The second question is probably what is the proportion of Singaporean households vulnerable and likely to turn vulnerable at the margin, rather than currently vulnerable, as mentioned by the Minister of State. And what can they do now as Singaporean households and businesses mostly affected by the potentially slow, but then, rapidly boiling effects of rising interest rates, as we go forward beyond the second half of this year?

Mr Alvin Tan: I thank Mr Saktiandi Supaat for his supplementary question. Most households should still be able to service their mortgages and other debt obligations, as Singapore's domestic interest rates pick up alongside global rates. I would like to frame my answer, quite helpfully, with regard to the mortgage as well as the total debt servicing ratio, which I think covers quite a lot of what the Member is concerned about.

The total debt servicing ratio framework (TDSR) captures a borrower's monthly expenses on all types of debt, including mortgages, car loans and unsecured debt, as a proportion of income. The overall debt servicing ability of households has, thus far, remained manageable, with the median TDSR being 43% last year. This is well within the recently tightened TDSR threshold of 55%. So, 43% median TDSR last year and the tightened TDSR threshold at 55%.

But, beyond mortgages, MAS has also imposed rules for car loans, as well as unsecured credit, to encourage prudent borrowing. This has helped the credit profile across these consumer loan products to remain healthy. The proportion of credit card rollover balances, as a share of GDP, for example, has declined since the pre-pandemic period from 1.3% in Q4 2019, to about 1% as at end 2021, and the charge-off rates have similarly decreased from 6.3% in Q4 2019, to 4.4% as at end 2021. In addition, only 0.01% of borrowers have defaulted on car loans granted by financial institutions, as at end 2021.

For the Member's second question on what consumers can do, I think that, generally, consumers can seek assistance for their outstanding debt. For example, consumers in financial distress can seek help from Credit Counselling Singapore for debt management assistance or consider taking up commercial products, such as debt consolidation plans, that may alleviate their repayment burdens.

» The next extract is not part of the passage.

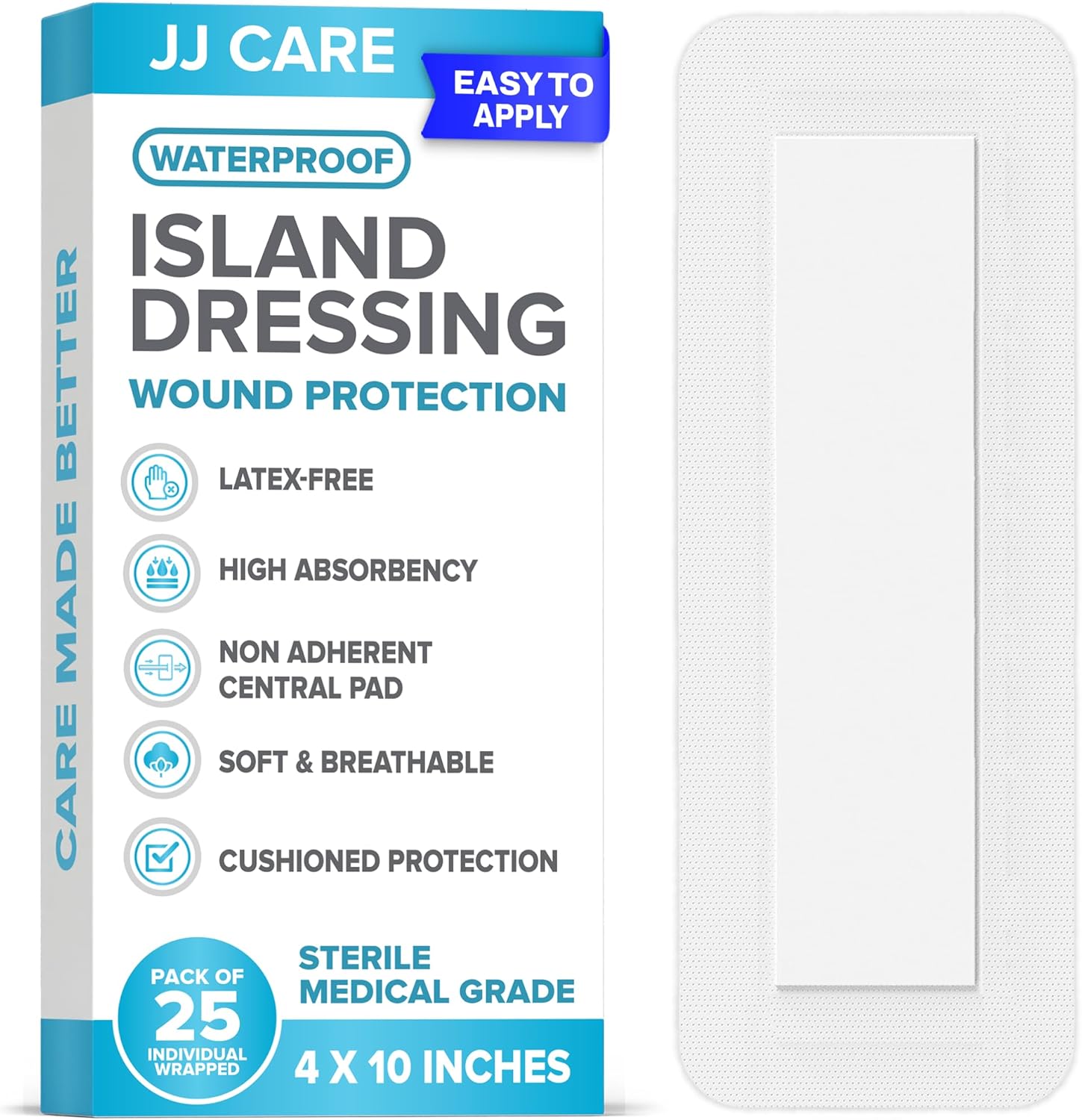 ![JJ CARE Waterproof Adhesive Island Dressing [Pack of 25], 4" x 10" Sterile Bordered Gauze, Breathable Island Wound Dressing, Individually Wrapped Adhesive Gauze Bandages with Non-Stick Central Pad - Image 2](https://m.media-amazon.com/images/I/81anuXZCS5L._AC_SL1500_.jpg)

Mr Speaker: Dr Tan Wu Meng.

Dr Tan Wu Meng (Jurong): I thank the Minister of State for his answer. Can I ask if MAS coordinates with other agencies in the Government to look at the exposure of households to unsecured loans provided by retailers, or consumer retailers since this would be part of the broader landscape of exposure, especially with concerns about economic shocks coming from outside?

Mr Alvin Tan: I thank Dr Tan Wu Meng for his supplementary question. The answer is yes. We have worked with Credit Counselling Singapore and also gone upstream with regard to ensuring that consumers and borrowers have increased their financial literacy, in terms of new kinds of products that the Member has mentioned.

Consumers, borrowers, members of the public can go on to MoneySense.gov.sg – that is a website that we continue to build at MAS – to help consumers understand their credit profiles, what kind of products are available on the market and also to exercise prudence in their borrowing, particularly in an environment of heightened interest rates.